Dataset items:
▼

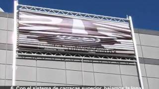 Imprivic :: Montaje de una estructura trust con elevación superior para una lona de grandes dimensiones
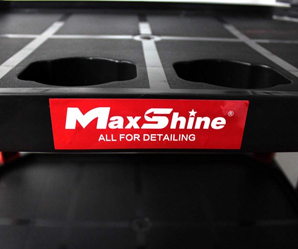 serves as a useful cart for you to placing and organizing your compounds, wash pad, wash sponge, or wash mitt, polishers when you working. Each Maxshine’s Utility Universal Detailing Cart comes with 4 stands on each shelves for you to organize compound, foam cannon and spray nozzles in order, and more spaces provide easy access to tools and keep them safe for storage. Durable plastic legs are easy to install and will not rust. Push handle on each side provide versatility. Dimensions (L x W x H): 66x33x77cm, there are three shelves and if you run out of garage storage, you could use this cart as a rolling toolbox. The products on the cart are just for reference.
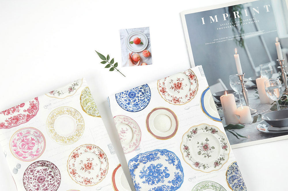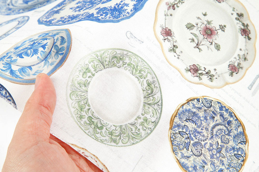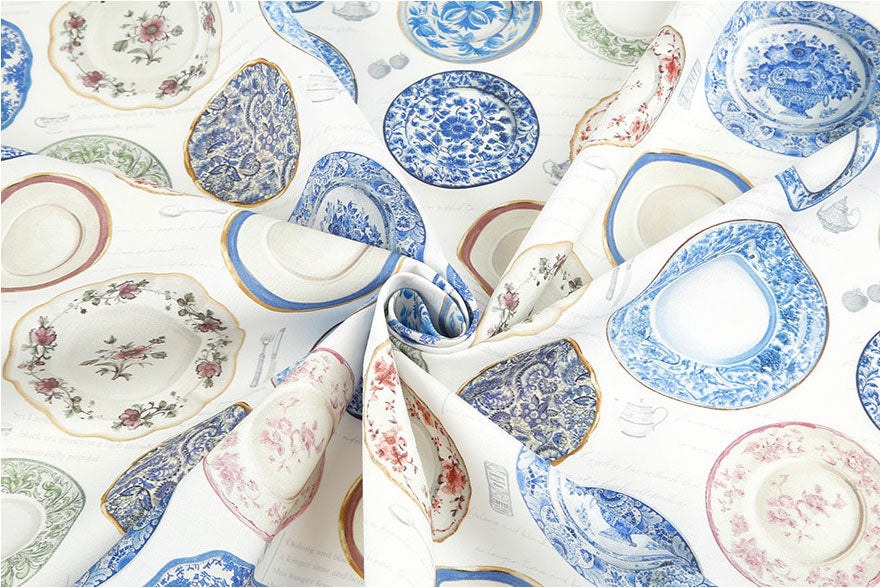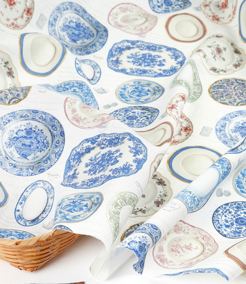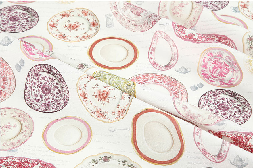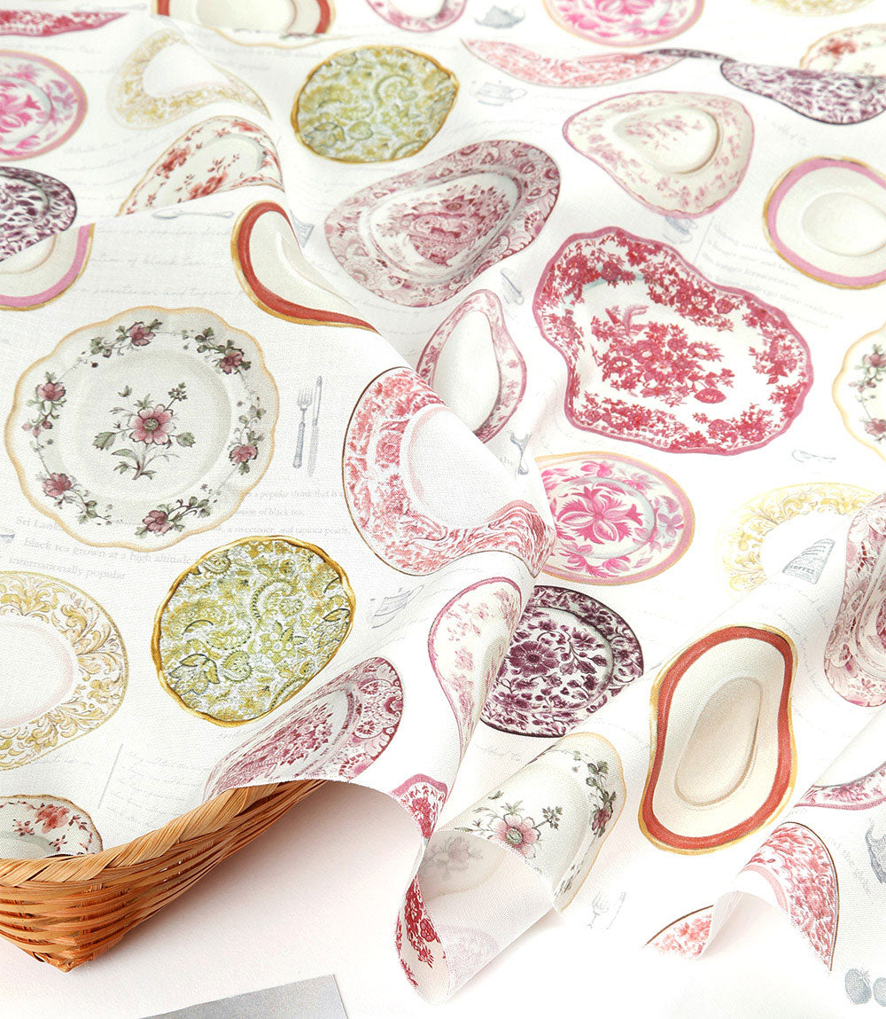 Vintage Plate Retro Designed Dishes Patterned fabric - Korean Fabric
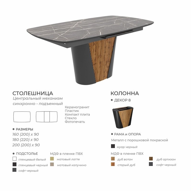 Раскладка-автомат- центральный механизм,синхронно-подъемный прибавляет к столу 40 см, соответственно увеличивается до 2,0 / 2,20 /2,40 см
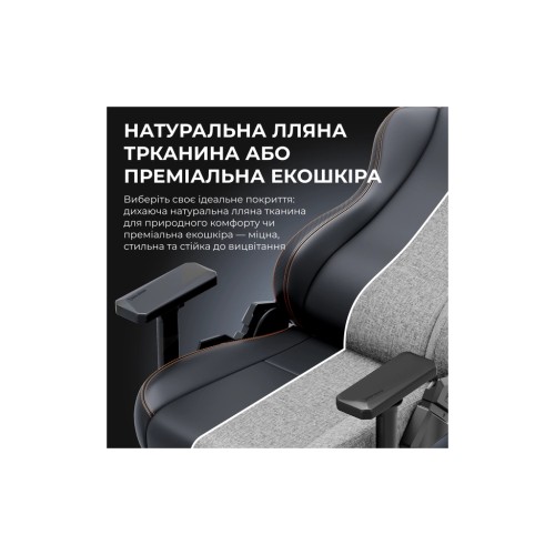 Особливий акцент зроблено на покритті з натурального льону, яке не тільки приємне на дотик, але й забезпечує чудову циркуляцію повітря, що додає відчуття прохолоди в будь-якій ситуації. Завдяки ергономічній формі спинки, крісло забезпечує оптимальну підтримку для хребта, допомагаючи користувачам уникнути втоми та дискомфорту навіть під час довготривалих сесій.
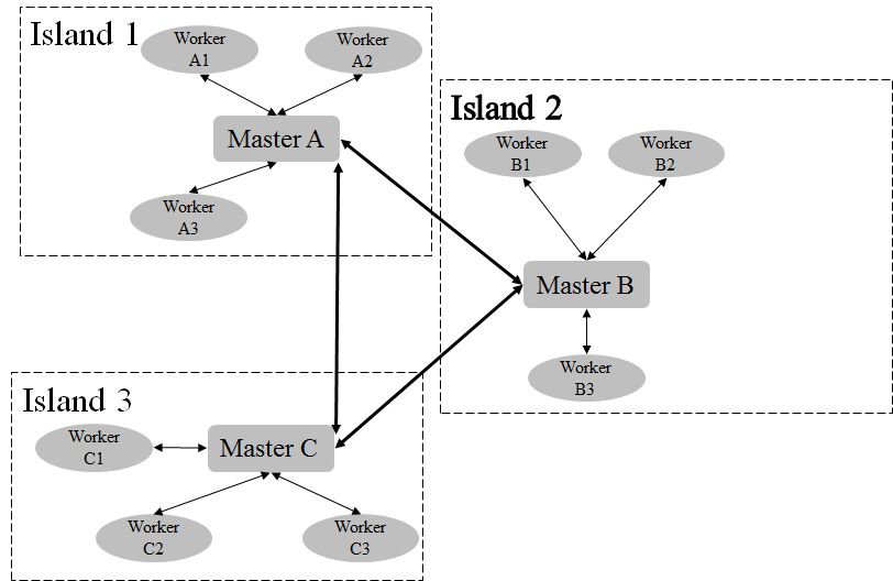 Population Island的算法架构如图3所示。在算法执行过程中,有若干个Island并行执行计算,每个Island独立地进行演化,其中各有一个Master和若干Worker,其中Worker负责具体的搜索任务的计算执行,Master负责任务的分配协调以及与其它Island之间的通信等。每隔一定的计算步数,各个Island的Master之间会相同通信,分享搜索过程中获得的知识,从而提升整体的搜索效率。
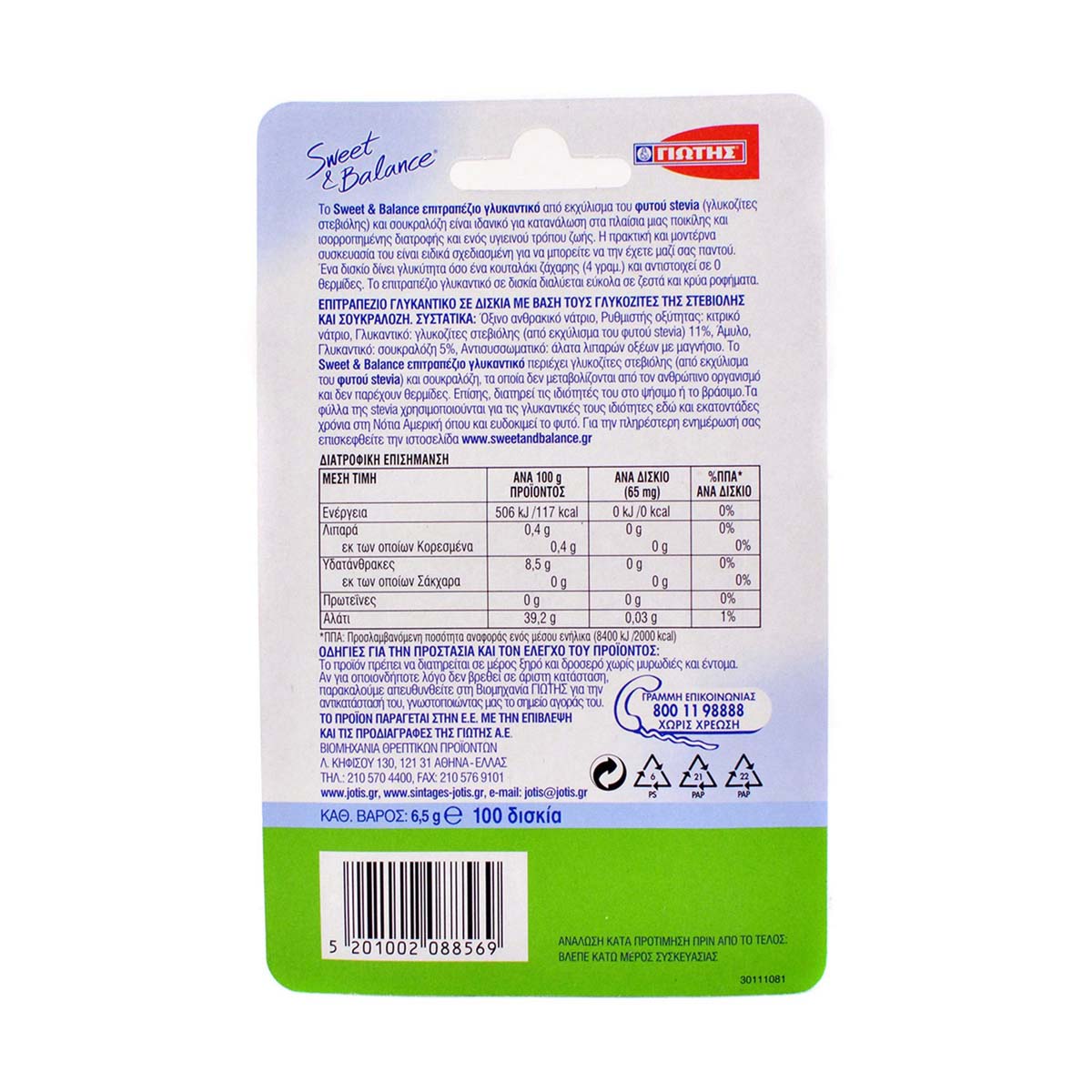 Sweet & Balance tablets, like the entire Sweet & Balance range of sweeteners, contain stevia plant extract (steviol glycosides) that are not metabolized by the human body and do not provide calories. You can use them in hot or cold drinks such as coffee or tea, wherever you find yourself because you can always have them with you.

▲

* WORK REQUIRED *
Extract the part of the records that opens with the line containing "Vintage Plate Retro" and closes with the line containing "Раскладка-автомат- центральный механизм,синхронно-подъемный". Take only those lines, exactly, and no pictures.

* RESULT OF THE EXERCISE *
 Vintage Plate Retro Designed Dishes Patterned fabric - Korean Fabric
 Раскладка-автомат- центральный механизм,синхронно-подъемный прибавляет к столу 40 см, соответственно увеличивается до 2,0 / 2,20 /2,40 см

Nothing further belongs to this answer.